Delhi is located at 23.38 degree north and 77.13 degree east in the Northern part of India and bounded by Haryana State on the Northwest and South, Rajasthan state on the Southwest and Uttar Pradesh state on the east. The metropolis city is demarcated into three parts with the Gangetic plains forming the major part, the Yamuna flood plain and the Delhi ridge. The flood plain is filled with rich and fertile alluvial soil that makes agriculture suitable around that area but the flood line can sometimes reach a massive height of 318 metres destroying crops around it. The ridge is seen dominating and originating from the Aravalli Hill range encircling the south through to the west, northwest and northeast region of the city while the sacred Yamuna River flows through Delhi and the Hindon River separates Ghaziabad towards the eastern region of Delhi and it is well connected with road bridges and Metro Subways across the Yamuna River.

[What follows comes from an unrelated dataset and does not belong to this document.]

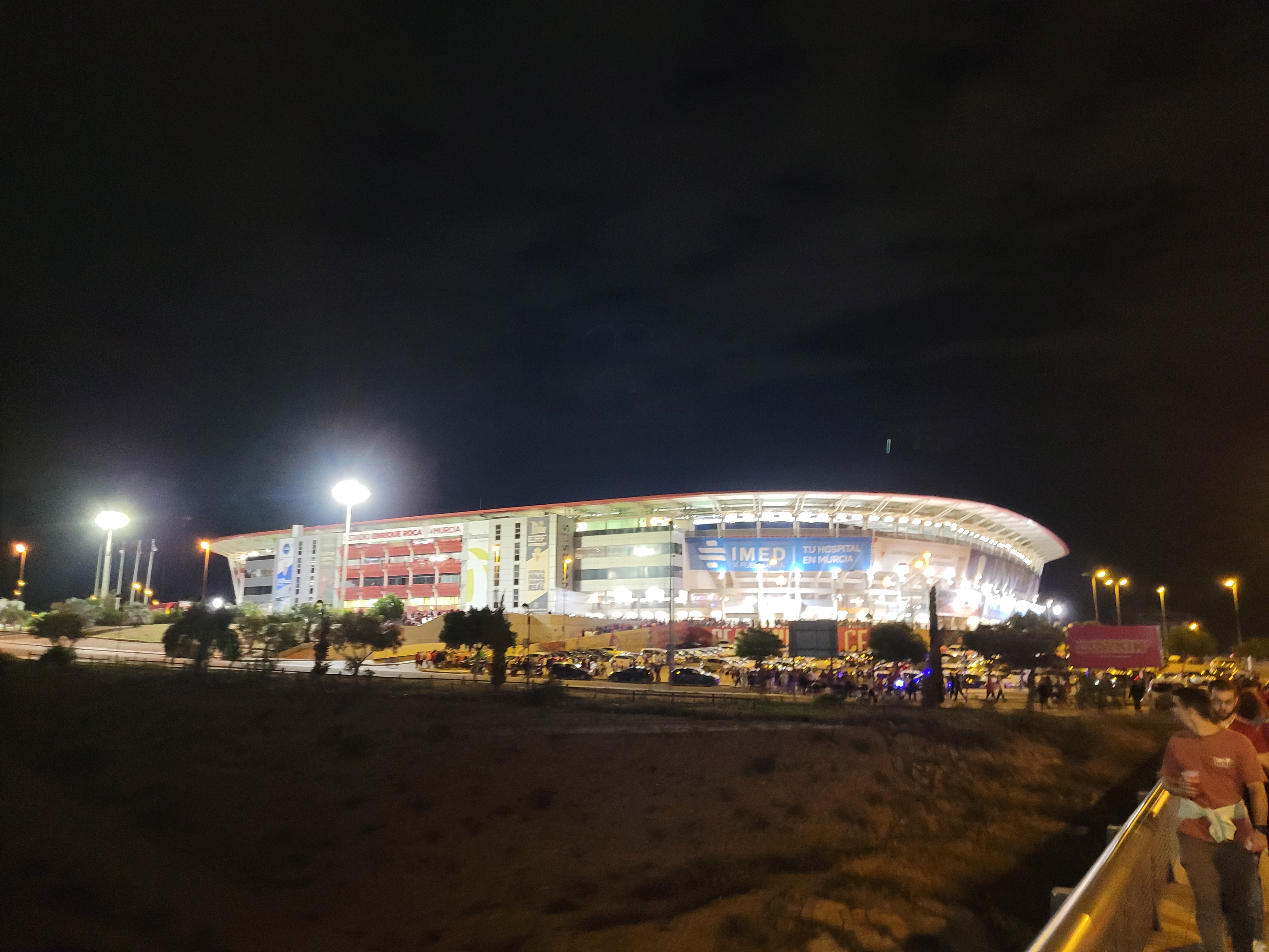 Interimtränaren från andralaget Imperial Murcia, Adrian Colunga ställde en något mer offensiv formation på banan än den i bortamatchen mot Eldense i helgen som gick. Man gick från en 4-5-1-uppställning till en mer klassisk 4-4-2 och båda anfallarna Joao Pedro Palmberg och Ekain Zenitagoia (han som hoppade in och låg bakom poängen senast) var nya i elvan. Till en början fick de dryga 10.000 på läktarna se ett något avvaktande hemmalag som låg djupt och satsade på omställningar. Närmast att göra mål under denna period var Antequera efter en på väg att bli tavla från målvakten som helt missade i ett inlägg från höger men fick se nicken som följde gå utanför. Men det avvaktande spelet började så sakteliga ändra på sig ju längre första halvlek hade spelats. Passningsspelet började sitta och man hittade luckor i Antequeras försvar. Fortfarande får vi dock säga även efter denna holmgång att man har stora problem att producera mål sett till lägena man skapar. Publiken satt konfunderade och undrade hur det inte kunde bli mål av ett inlägg som skapade kalabalik och sedermera ett avslut som gick i stolpen innan det blev offside på returen. Talande för det hela var att 1-0 skulle komma på en straff efter ett misstag av hemmaförsvaret. Straffskytten Ekain Zenitagoia var även han som skapade straffen efter att han stressat motståndaren till en svag hemåtpass, snappat upp bollen och via ett försök att lyfta förbi bollen över mittbacken så tar den på dennes hand. En klar straff, lika klar som avslutet från elva meter - 1-0 strax före pausvilan. Mitt i spelet började det hända saker på läktaren (endast ena långsidan och kortsidorna var öppna för matchen varför bilderna visar en tom långsida), många i publiken reste sig upp för att se vad som hände: På besök var nämligen en av tennisvärldens främsta, Carlos Alcaraz som är från El Palmar i regionen Murcia.

Delhi covers an area of 1484 Sq. Km. out of which 783 Sq. Km. is under the rural and 700 Sq. Km. is under the urban section. The land stretches about 51.9 km long and 48.48 km wide. The region falls under the seismic zone IV which makes it prone to earthquakes; however, the city has not witnessed any major earthquake as such but certain trembles have been experienced because of earthquakes in Gujarat and neighbouring places.

The concept of creating a National Capital Region was planned back in 1962 with the aim to develop a metropolitan section in order to divert increasing population to those areas and to protect the infrastructure of the city from excessive planned development.

Four states were pooled in to form a part of the National Capital Region or NCR of India which is the National Capital Territory of Delhi or NCT that covers 1483 Sq. Km., Haryana that contributed to 13413 Sq. Km. of area, Uttar Pradesh that contributed to 10853 Sq. Km. of area and Rajasthan that contributed to 7829 Sq. Km. of area.

NCT lies in the centre of NCR that consists of Old Delhi, New Delhi and the central seat of the government of India with a population of 13,782,976 people making it the largest populated area in the entire NCR. NCR region of Haryana constitutes of Faridabad, Gurgaon and Sonepat which is going to soon be a part of NCR and developments are in a fast track mode. They bound NCT on the west and south and form the northern and western part of NCR. The NCR region of Rajasthan does not share boundaries with Delhi but constitutes of Alwar that forms the southwest core part of NCR. While Uttar Pradesh forms the major part of the eastern portion of NCR and is bounded by Delhi on the east that constitutes of Ghaziabad and the Gautam Buddha Nagar area curved out of Noida and Greater Noida.

Delhi does not follow any specific pattern geographically and it is widely erratic. It transforms from agricultural fields in the north to the dry parched hills which branches out of the Aravalli Hills of Rajasthan in the south. To explain its boundaries in a better way, the extreme end spans from Sarup Nagar in the northern part to Rajorki in the southern part. Towards the extreme west is Najafgarh and extreme east is the holy Yamuna River, Shahdara and Bhajanpura which are major shopping centres. The main city of Delhi ends in Saket on the south and central northern area is Connaught Place whilst the western boundary limits at National Highway – 8.